[PROVIDED DATA]

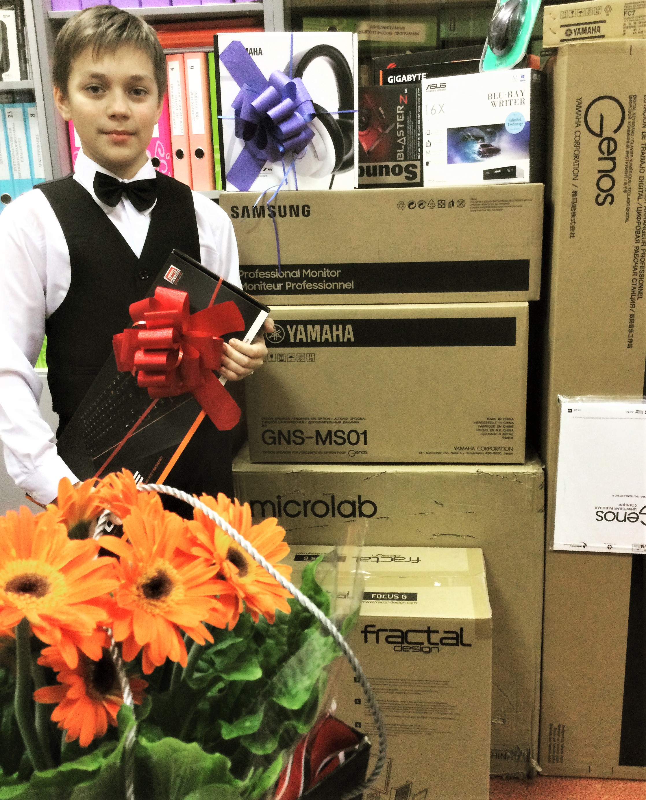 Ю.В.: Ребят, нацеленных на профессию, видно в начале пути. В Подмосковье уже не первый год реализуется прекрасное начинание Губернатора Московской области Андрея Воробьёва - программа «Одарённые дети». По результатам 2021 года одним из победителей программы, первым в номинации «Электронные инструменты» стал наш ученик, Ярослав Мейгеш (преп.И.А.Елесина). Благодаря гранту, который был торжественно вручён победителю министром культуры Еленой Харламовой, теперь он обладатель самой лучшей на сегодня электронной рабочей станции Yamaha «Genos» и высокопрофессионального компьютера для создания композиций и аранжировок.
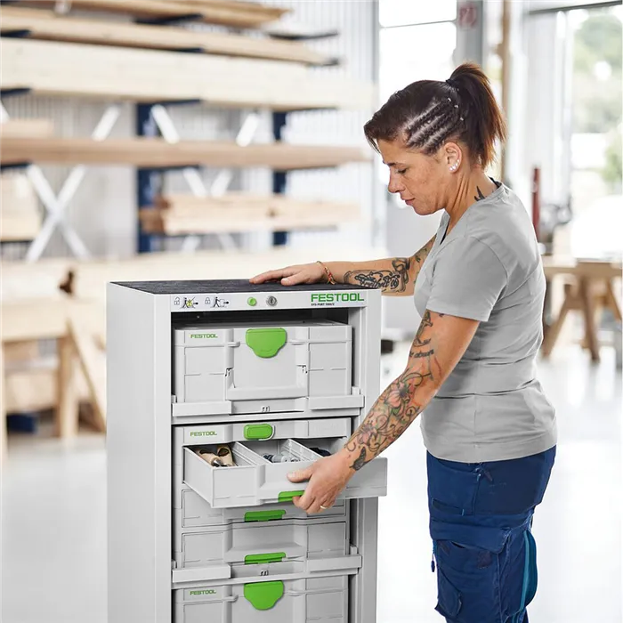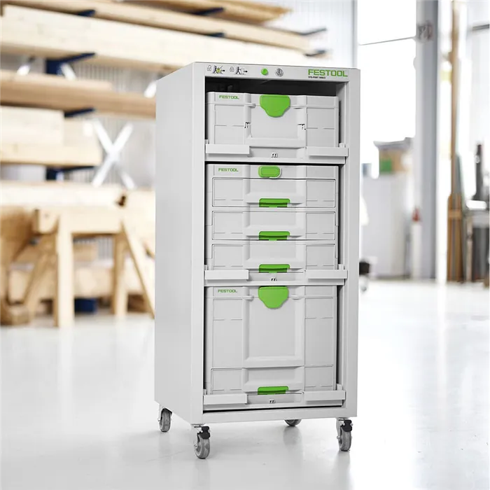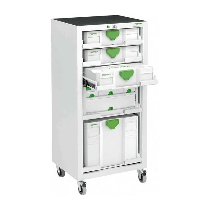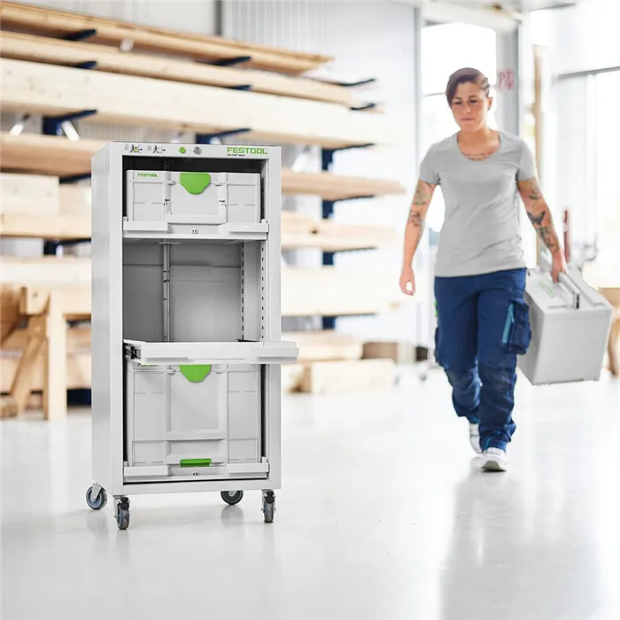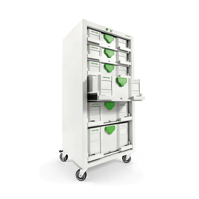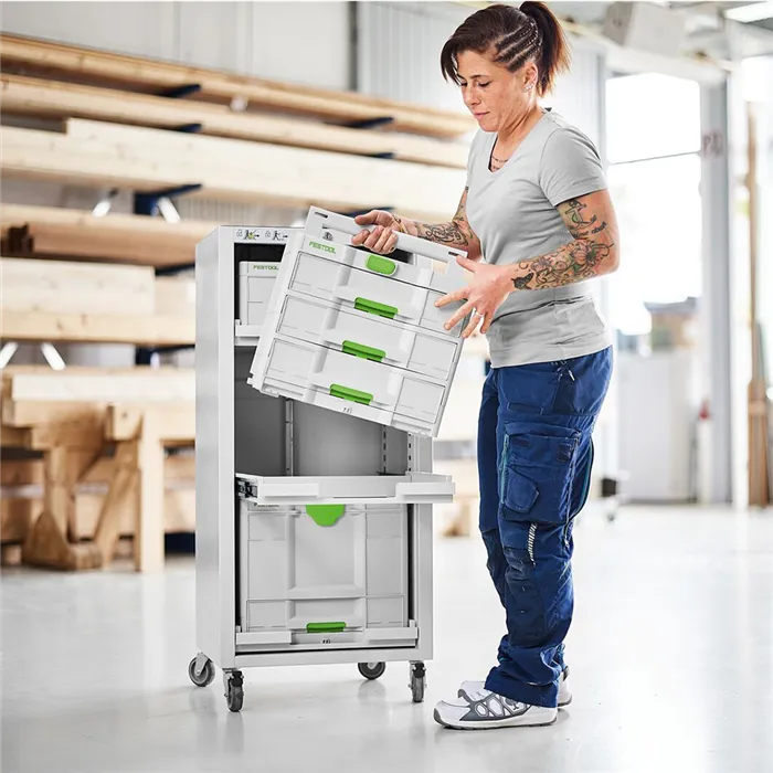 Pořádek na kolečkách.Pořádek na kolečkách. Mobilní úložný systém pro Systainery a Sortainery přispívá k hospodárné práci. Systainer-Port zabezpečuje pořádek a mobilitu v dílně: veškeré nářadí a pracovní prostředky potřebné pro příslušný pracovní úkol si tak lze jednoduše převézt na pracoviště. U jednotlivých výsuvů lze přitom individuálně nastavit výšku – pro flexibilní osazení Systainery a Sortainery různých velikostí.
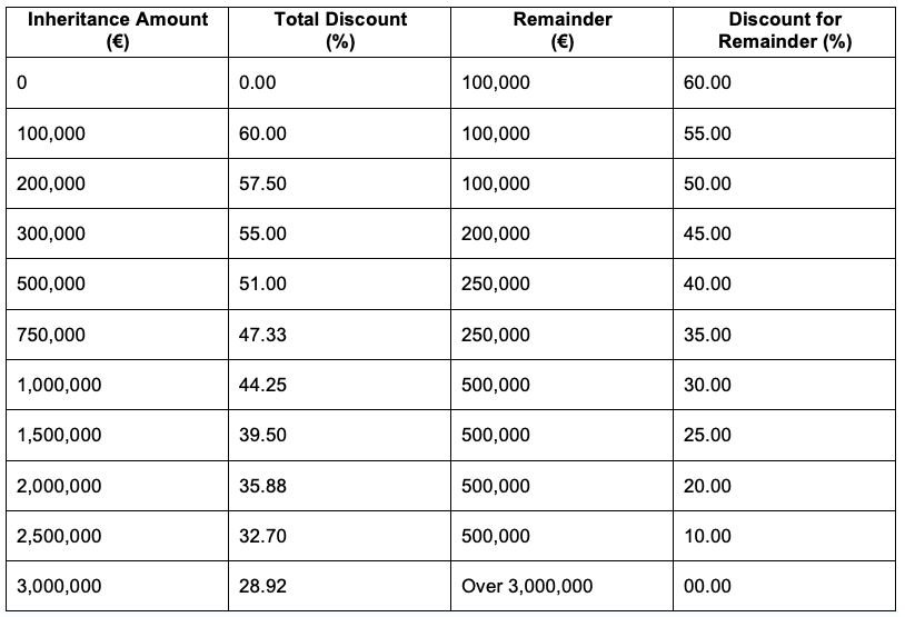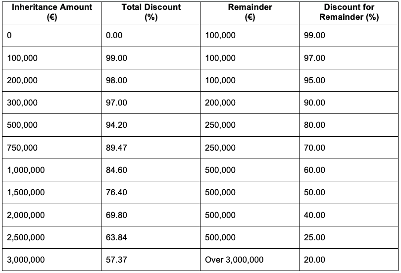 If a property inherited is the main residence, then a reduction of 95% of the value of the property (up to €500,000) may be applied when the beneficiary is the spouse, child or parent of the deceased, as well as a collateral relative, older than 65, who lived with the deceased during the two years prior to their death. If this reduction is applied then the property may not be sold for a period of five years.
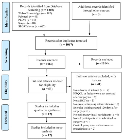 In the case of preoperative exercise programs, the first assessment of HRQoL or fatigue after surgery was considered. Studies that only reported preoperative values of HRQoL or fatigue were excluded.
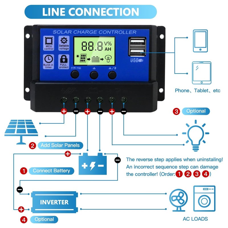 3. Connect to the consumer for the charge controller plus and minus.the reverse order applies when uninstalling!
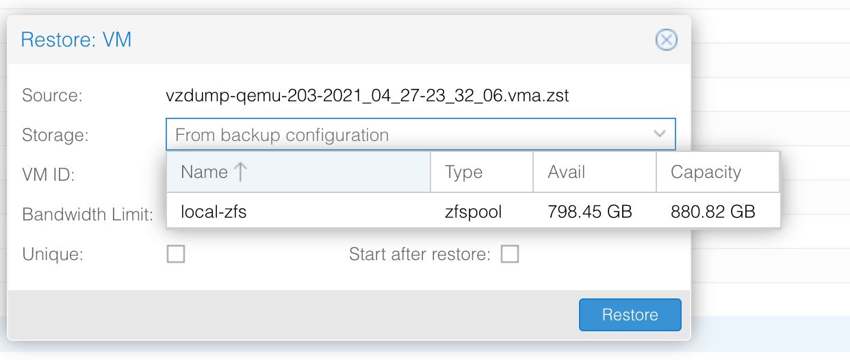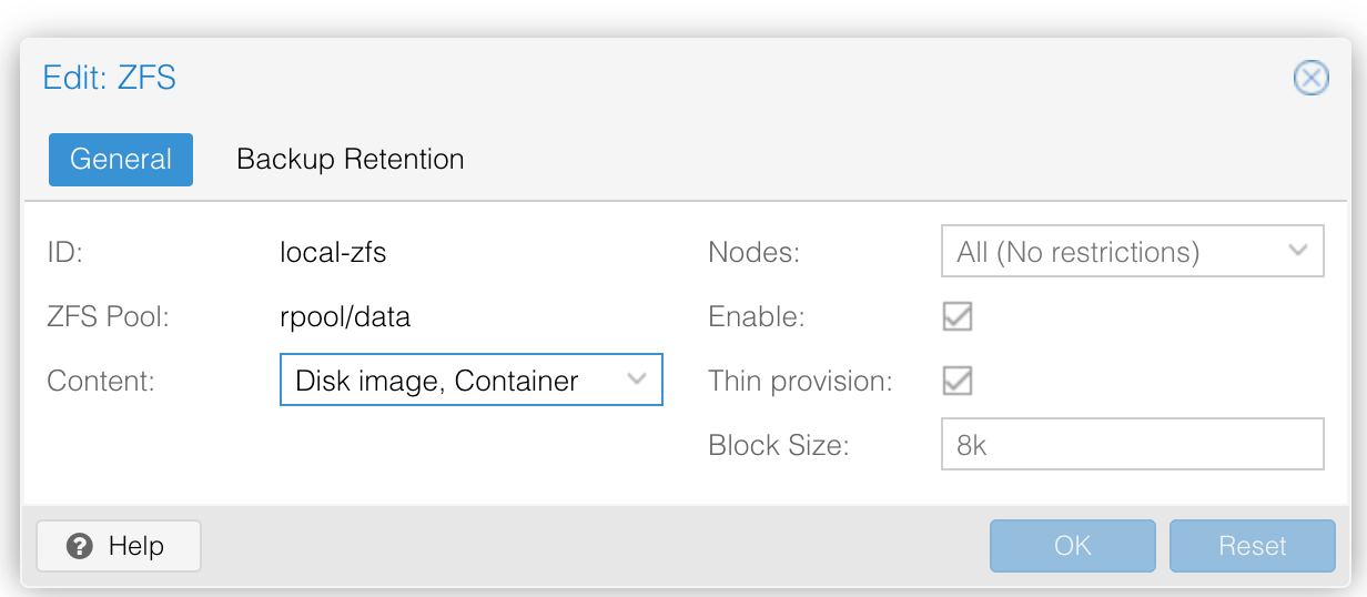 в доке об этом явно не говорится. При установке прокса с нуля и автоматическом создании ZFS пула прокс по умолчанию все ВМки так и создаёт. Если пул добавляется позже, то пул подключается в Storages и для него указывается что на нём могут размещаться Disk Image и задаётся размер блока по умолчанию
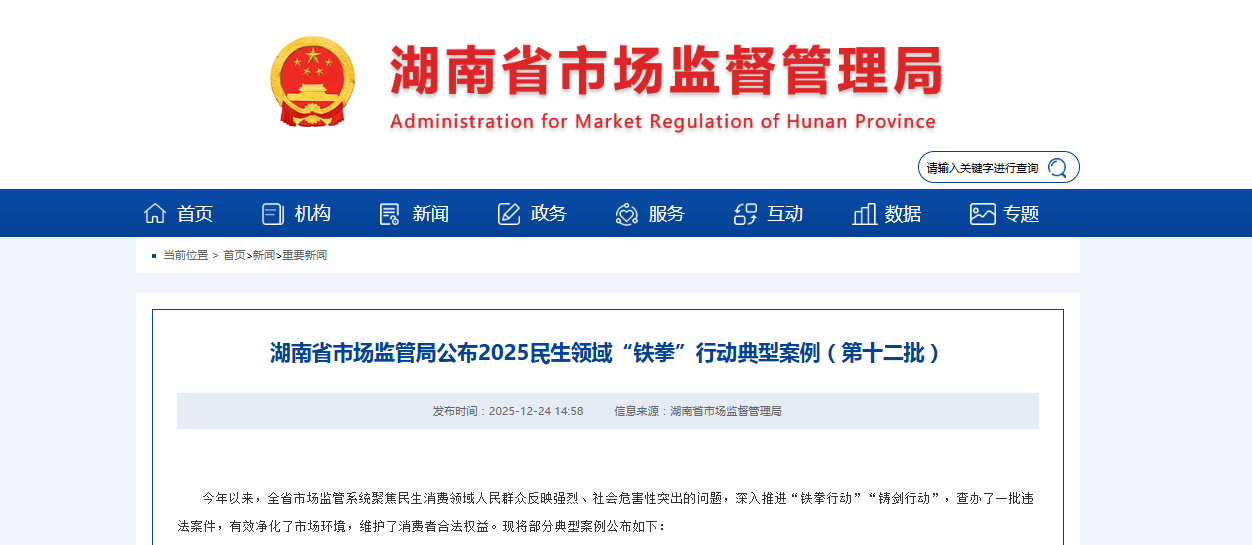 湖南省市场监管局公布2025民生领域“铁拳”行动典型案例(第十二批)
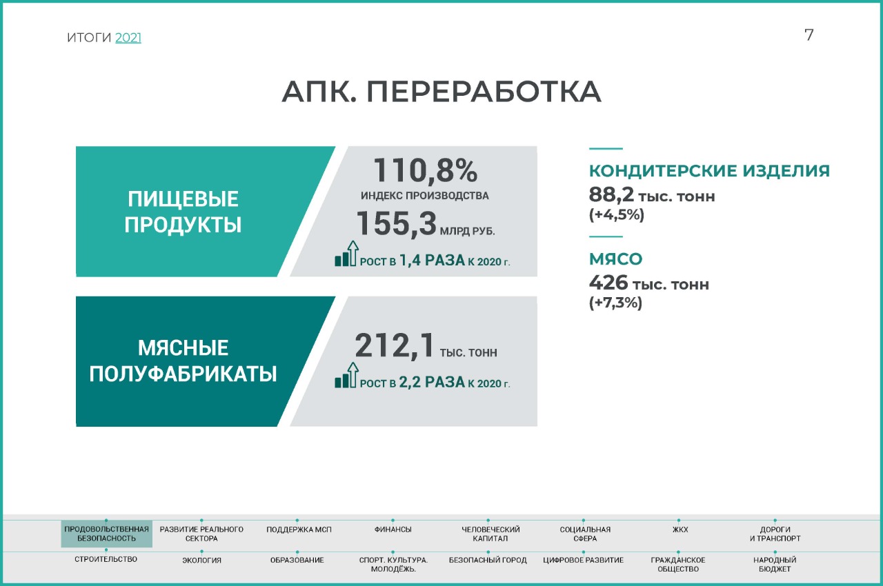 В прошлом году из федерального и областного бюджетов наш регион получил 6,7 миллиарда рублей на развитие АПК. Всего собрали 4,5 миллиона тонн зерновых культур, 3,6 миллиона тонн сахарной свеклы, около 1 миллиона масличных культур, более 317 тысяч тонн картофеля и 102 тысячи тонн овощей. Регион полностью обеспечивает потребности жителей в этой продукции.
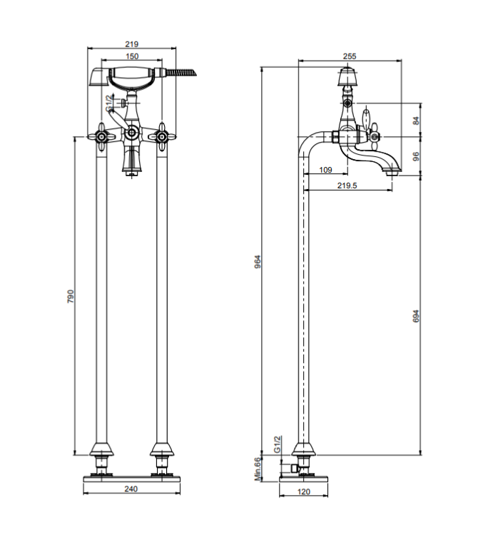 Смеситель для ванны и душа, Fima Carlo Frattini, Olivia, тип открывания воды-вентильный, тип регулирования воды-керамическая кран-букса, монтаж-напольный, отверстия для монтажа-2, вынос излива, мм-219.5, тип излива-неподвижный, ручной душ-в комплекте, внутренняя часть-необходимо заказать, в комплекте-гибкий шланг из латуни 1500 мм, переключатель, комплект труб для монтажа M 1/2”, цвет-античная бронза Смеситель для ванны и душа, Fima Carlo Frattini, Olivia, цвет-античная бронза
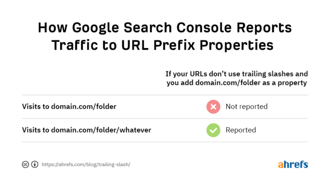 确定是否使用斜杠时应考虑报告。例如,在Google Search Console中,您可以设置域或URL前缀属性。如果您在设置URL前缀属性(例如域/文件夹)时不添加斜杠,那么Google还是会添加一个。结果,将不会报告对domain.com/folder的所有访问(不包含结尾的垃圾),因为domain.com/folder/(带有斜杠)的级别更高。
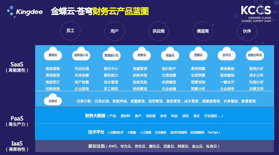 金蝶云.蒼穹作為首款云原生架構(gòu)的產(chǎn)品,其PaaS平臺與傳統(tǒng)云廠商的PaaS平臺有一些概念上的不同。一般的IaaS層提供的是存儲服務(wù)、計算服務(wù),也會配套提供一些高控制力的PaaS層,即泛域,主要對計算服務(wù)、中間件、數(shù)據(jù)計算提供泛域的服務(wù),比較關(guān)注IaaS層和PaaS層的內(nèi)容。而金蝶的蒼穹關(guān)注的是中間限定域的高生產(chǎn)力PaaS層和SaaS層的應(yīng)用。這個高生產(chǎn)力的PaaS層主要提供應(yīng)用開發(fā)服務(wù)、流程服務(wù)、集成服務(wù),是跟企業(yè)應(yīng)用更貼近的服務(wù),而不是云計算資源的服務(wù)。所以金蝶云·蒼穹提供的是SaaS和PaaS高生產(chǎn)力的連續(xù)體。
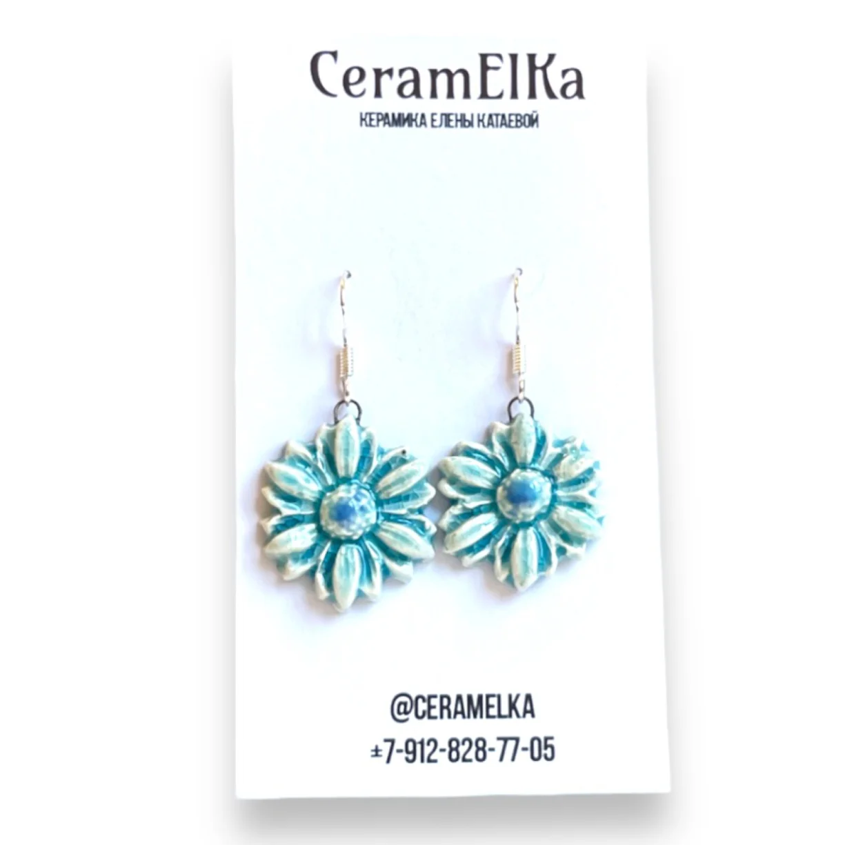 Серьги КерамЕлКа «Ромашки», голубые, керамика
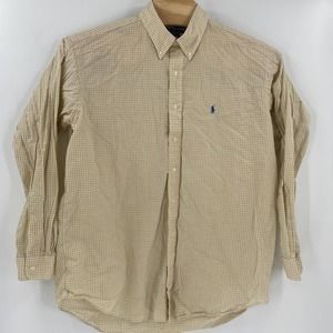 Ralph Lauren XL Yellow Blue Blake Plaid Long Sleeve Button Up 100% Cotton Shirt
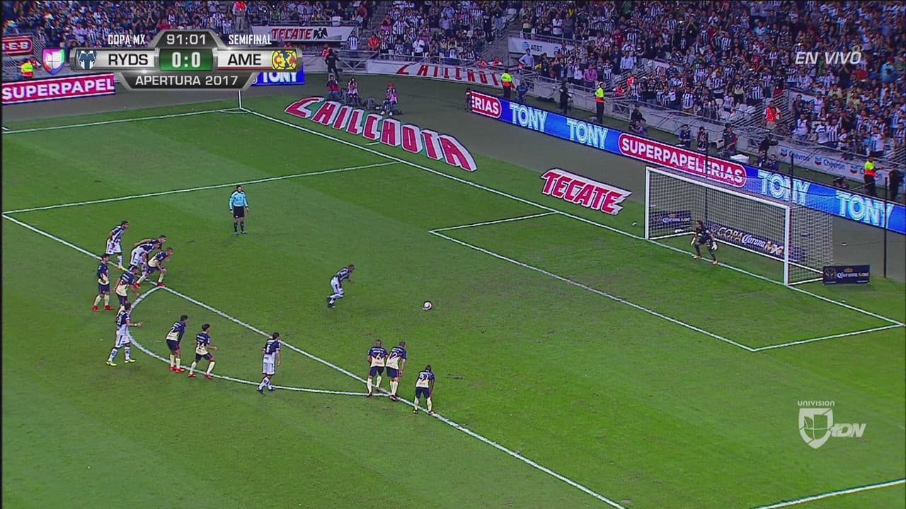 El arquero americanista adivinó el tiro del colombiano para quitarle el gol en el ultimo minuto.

[/PROVIDED DATA]

INSTRUCTIONS FOR THE TASK
Starting at the line above that contains "Pořádek na kolečkách.Pořádek", transcribe every line exactly through the line that contains "3. Connect to", including that last one, and skip the pictures.

REPLY TO THE TASK
 Pořádek na kolečkách.Pořádek na kolečkách. Mobilní úložný systém pro Systainery a Sortainery přispívá k hospodárné práci. Systainer-Port zabezpečuje pořádek a mobilitu v dílně: veškeré nářadí a pracovní prostředky potřebné pro příslušný pracovní úkol si tak lze jednoduše převézt na pracoviště. U jednotlivých výsuvů lze přitom individuálně nastavit výšku – pro flexibilní osazení Systainery a Sortainery různých velikostí.
 If a property inherited is the main residence, then a reduction of 95% of the value of the property (up to €500,000) may be applied when the beneficiary is the spouse, child or parent of the deceased, as well as a collateral relative, older than 65, who lived with the deceased during the two years prior to their death. If this reduction is applied then the property may not be sold for a period of five years.
 In the case of preoperative exercise programs, the first assessment of HRQoL or fatigue after surgery was considered. Studies that only reported preoperative values of HRQoL or fatigue were excluded.
 3. Connect to the consumer for the charge controller plus and minus.the reverse order applies when uninstalling!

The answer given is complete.